Voice of Angst

I write entirely to find out what I'm thinking, what I'm looking at, what I see and what it means. What I want and what I fear.  – Joan Didion

I have had this thing since I was a small child and wrote my first poem. It has plagued me ever since.

My best work seems to come out of me when I am in the greatest amount of pain.

I fight this and try hard to write non-emotional equally good material and feel I falter.  My poems dating back to when I was age 7 are full of agony, written in the midst of some major seven year old crisis. This blog is nothing but painful writing.

Is angst my only "voice"?

Is it possible to be a good writer and NOT be in a constant angst?  Must I forever be the dark, brooding lady teetering on the edge of an abysmal existence in order to write anything of value?

I have prompts in my head, adoption topics, and I just cannot seem to get them to paper (or keyboard in this case). I realize I am doing "well" and am happier and I fear that is effecting my writing.

Guh.

Dawn? Skeeto? Someone?

7 Thoughts.

  1. I have the exact same experience.
    Maybe some people are just more prone to look into darkness. and.. I am not convinced that is necessarily “bad” fwiw.
    However it does make it harder to write if you’re tired of looking into the darkness.

  2. I think our best writing comes from being in touch with our feelings, good or bad. To me, it sounds completely normal to have your best writing when your feelings are the most powerful. That’s why so many writers are advised to write what they know.
    And some writers are more “facts” while others are more “feeling.” Personally, I prefer those who write with feelings over facts. It brings you closer and gives you more of a connection to what you are reading.
    Personal stories are just as important as any fact out there!

  3. I agree that angst can be a great motivator – a feeling like I MUST WRITE THIS OR DIE. And it’s harder when one is in a more content space. BUT I also think that these more calm feelings can lead to more ‘mature’ writing, if that makes sense. It’s a different kind of relationship to writing – the intense flash of infatuation or “honeymooning” vs the contentment of a long term relationship. I also think that much can be said for “distance.” I like to refer to notes written in a white heat, but to actually write and revise from a more stable place.

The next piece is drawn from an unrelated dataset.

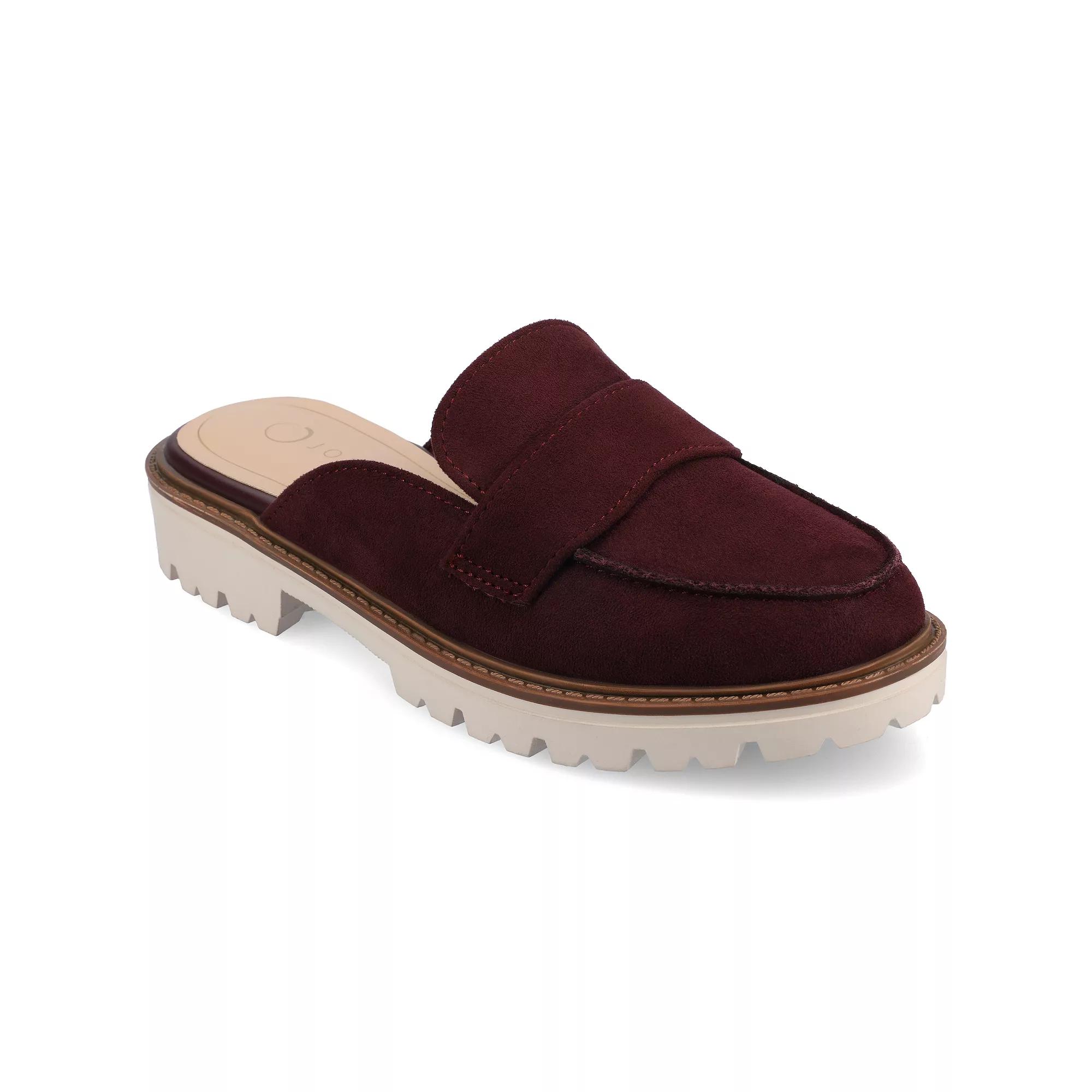 Step into comfort and style with these Journee Miycah women's mule flats. Click this FOOTWEAR GUIDE to find the perfect fit and more! - https://www.kohls.com/feature/shoesizeguide.jsp. FEATURES: Mule style, footbed for all day comfort, Slip-on for easy on and off. DETAILS: Faux leather upper, lining and midsole, Man-made outsole, Almond toe, Slip-on, footbed, 1.25-in. heel, 0.5-in. platform, Spot clean, Imported, Mule style. Size: 6. Color: Oxblood. Gender: female. Age Group: adult. Material: SYNTHETIC.

  4. Angst stops me cold. Ambivalence, stress, etc. simply drain my brain. The interaction that follows writing is a great motivator, too. Regardless of whether they’re positive or negatives, the reactions of others motivate me to write more.

  5. Suz, was thinking about this more on the way home.
    I think I agree that some people just write out of feelings. I’m one. INFP, makes sense. So if there’s passion in it for me, I can write.
    Unfortunately?, my deepest most passionate feelings are rather dark ones. For me this is tied up in the neverending experience of depression, for other people maybe it’s from life experiences.
    However, when I think about the positives that I feel some passion for, I can write about them.
    That is what works for me, when I care to make it work–not fighting myself as an emotional writer, but deliberately using the positive passions to write about something that’s not “angst.”
    Writing for me is not a career at all though, and I don’t intend it to be. So I don’t work hard at it. But if it were to become a career, that’s what I’d be doing–looking for the positive things in life that I do have some passion for.
    Also agree with Susan that it makes for more mature writing, more even, better even.